3. Heart failure: mainly acute left heart failure, which can occur in the first few days of onset of AMI, or in the stage of pain and shock improvement, which is caused by markedly weakened or uncoordinated heart and contraction after infarction. It is 32% to 48%. Difficulty in breathing, cough, cyanosis, irritability and other symptoms, severe pulmonary edema can occur, followed by jugular vein engorgement, liver enlargement, edema and other right heart failure. Right ventricular AMI can show right heart failure at the beginning, with blood pressure drop.

4. Papillary muscle dysfunction or rupture: the total incidence can be as high as 50%. Causes varying degrees of mitral valve prolapse and insufficiency, causing heart failure. Severe cases can die within a few days.

5. Heart rupture: rare, often appear within 1 week of onset, mostly ruptured ventricular free wall, causing sudden death. Occasionally, perforation of the ventricular septal rupture can cause heart failure and shock and die within a few days. Heart rupture can also be subacute, and patients can survive for months.

6. Embolization: The incidence rate is 1% to 6%. It can be caused by the left ventricular wall thrombus detachment after 1 to 2 weeks after onset, causing arterial embolism of brain, kidney, spleen or limbs. Pulmonary embolism can also occur due to partial shedding of venous thrombosis in the lower extremities.

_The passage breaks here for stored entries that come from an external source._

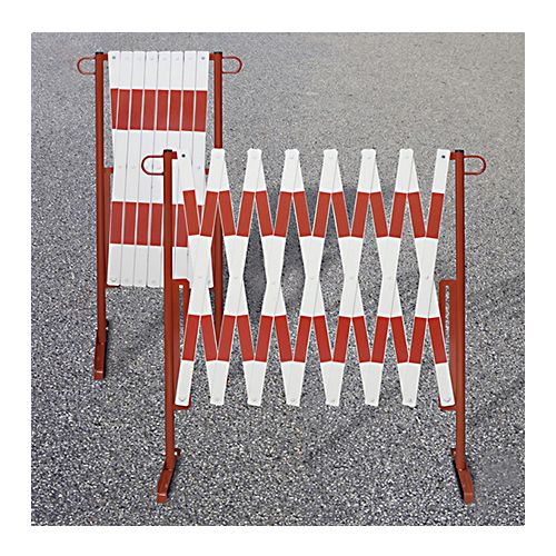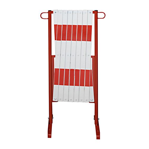 Šķērveida metāla barjera. Maksimālais garums 4m, saliektā veidā 50cm. Barjeras augstums 1m. Ar sarkaniem atstarojošiem elementiem. Svars: 24kg.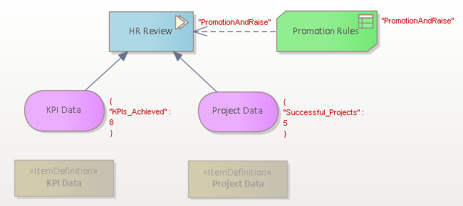 The HR Review Decision element does not itself define rules but rather is of type Invocation, which calls the services of the Promotion Rules element. This is a Business Knowledge Model (BKM) that can be reused in different contexts. The BKM defines the rules for promotion in a Decision Table that is stored internally, and when it is called it passes the resulting output back to the Decision element.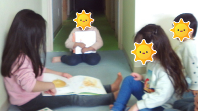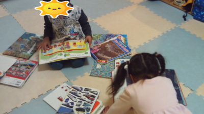 砂場では、型に砂を入れてケーキを作ってくれたり、湿った砂を入れて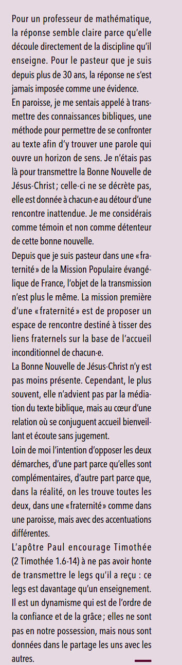 J’aime l’image du corps employée par l’apôtre Paul dans son épître aux Corinthiens (chapitre 12), car elle dit bien l’idée que je me fais de l’unité de l’Église. Non pas fusion mais complémentarité ou, pour le dire d’un autre mot, « communion », selon le grec koinonia. Et si cette image est pertinente à l’intérieur de chacune de nos communautés, a fortiori peut-elle l’être au niveau des différentes Églises.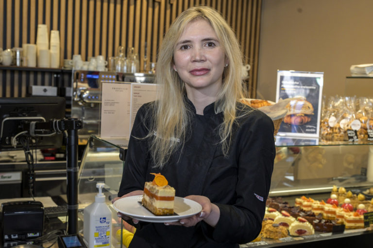 Zodpovedná vedúca cukrárne Asheri Yana Asheri počas tlačovej konferencie v cukrárni Asheri v Bratislave, na ktorej predstavila víťazný dezert súťaže cukrárov o vytvorenie receptu na Bratislavský korunovačný dezert 2024. Bratislava, 13. marec 2024. Foto: SITA/Milan Illík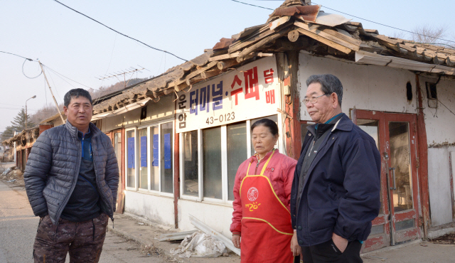 정든 보금자리에서 마지막 설 명절을 맞는 임실 운암면 쌍암리 주민들이 옛 운암터미널 앞에서 착잡한 표정으로 대화를 나누고 있다.
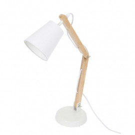 Look nordique 100% réussi avec cette lampe de bureau articulée ! Fabriquée en tasseaux de bois et posée sur une base en métal blanc, son cordon d'alimentation en tissu blanc court le long du pied et lui donne un côté très tendance.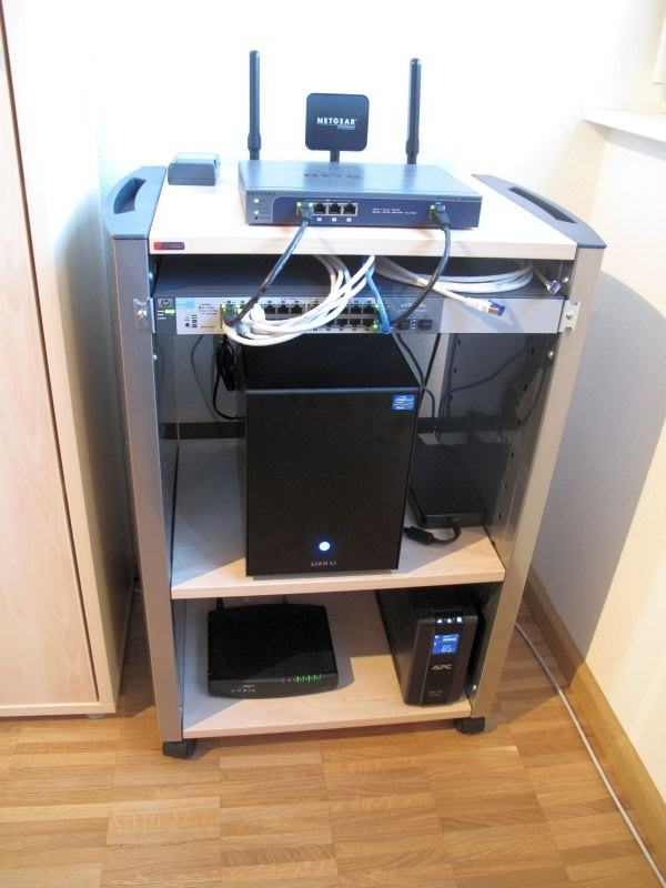 Hinten ist das Regal ja immer noch offen, dh über einen 1cm breiten Spalt kann die Warme Luft entweichen - die Lüfter pusten auch in diese Richtung (CPU und Netzteil). Temperaturen unter Volllast, wie sie beispielsweise durch das Streamen über Air Video entstehen liegen bei CPU = 65°C und HDD = 42°C. Im Idle hat die CPU etwa 48°C. Also alles im Grünen Bereich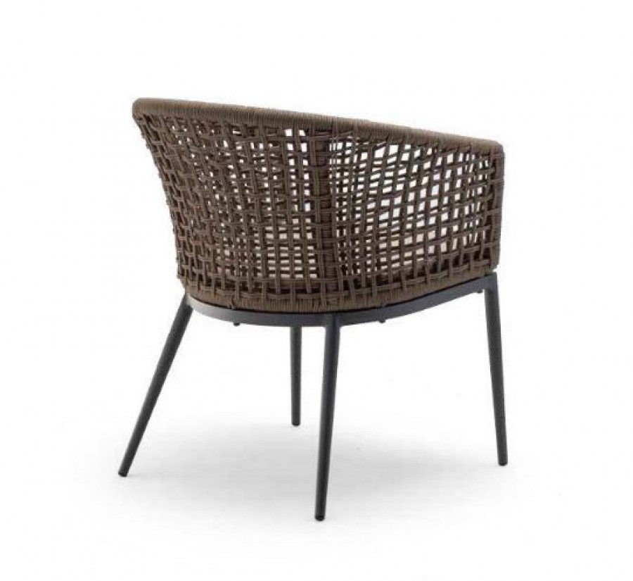Largo Arm Chair / Round Aluminium Tube Frame / Frame Painted Anthracite / Taupe Polyester Rope Shell Finish Only / Can Be Used Indoor And Outdoor / Generous Seating Proportions / Only Available In This Colour Combination / Removable Seat Cushion / OLEFIN Fabrics Are The Best Wearing Of All Outdoor Fabrics As They Dry Quickly And Are Fade And Stain Resistant / Polyester Fabric Has The Strongest Yarn Whilst Being Inexpensive And Dries Quickly / Ideal for all Hotels, Restaurants and Hospitality Environments / Only Available In Fabric Illustrated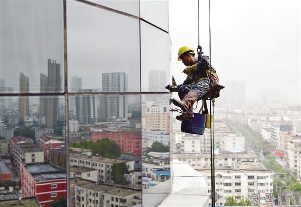 近日,一名“蜘蛛人”在中心城區(qū)一座大樓的外墻面認真作業(yè),為城市的美麗和整潔貢獻著自己的力量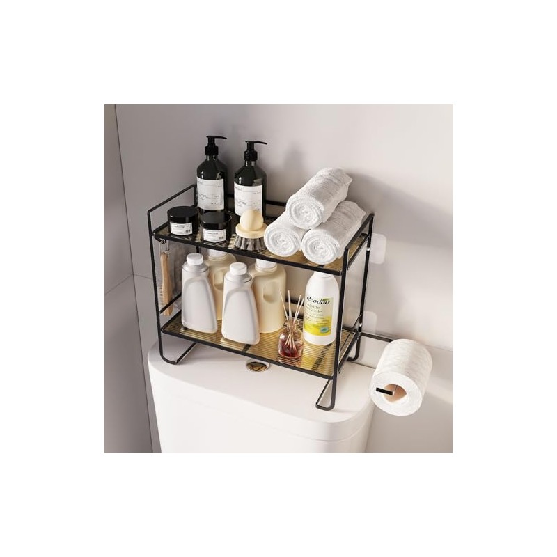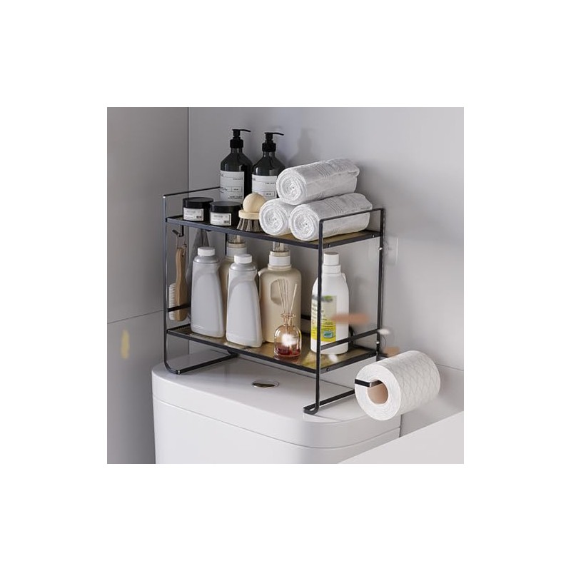 - Versatile Organization Solution: This over-the-toilet 2-tier storage rack conveniently stores all your bathing items and features a toilet paper holder and two hooks, making it ideal for organizing toilet paper, towels, hand soap, and bath balls.

7. Ventricular wall tumor: mainly seen in the left ventricle, the incidence rate is 5% to 20%. A wall thrombus can occur in the tumor to cause embolism.

8. Myocardial infarction syndrome: the incidence is about 10%. It occurs several weeks to several months after AMI, and can occur repeatedly, manifested as pericarditis, pleurisy or pneumonia, with fever, chest pain and other symptoms.

Symptom

Symptoms of acute coronary syndrome Common symptoms Chest tightness, chest pain, heart palpitations, fatigue, pale palpitations, chest pain, chest tightness, palpitations, angina, chest tightness, suffocation

1, typical manifestations of paroxysmal sorrow pain, tightening pressure or pressure, burning sensation, can be radiated to the left upper arm, lower jaw, neck, back, shoulder or left forearm ulnar side, intermittent or continuous, with Sweating, nausea, difficulty breathing, suffocation, and even syncope, lasting for >10-20 minutes, AMI is not always relieved when nitroglycerin is not completely relieved.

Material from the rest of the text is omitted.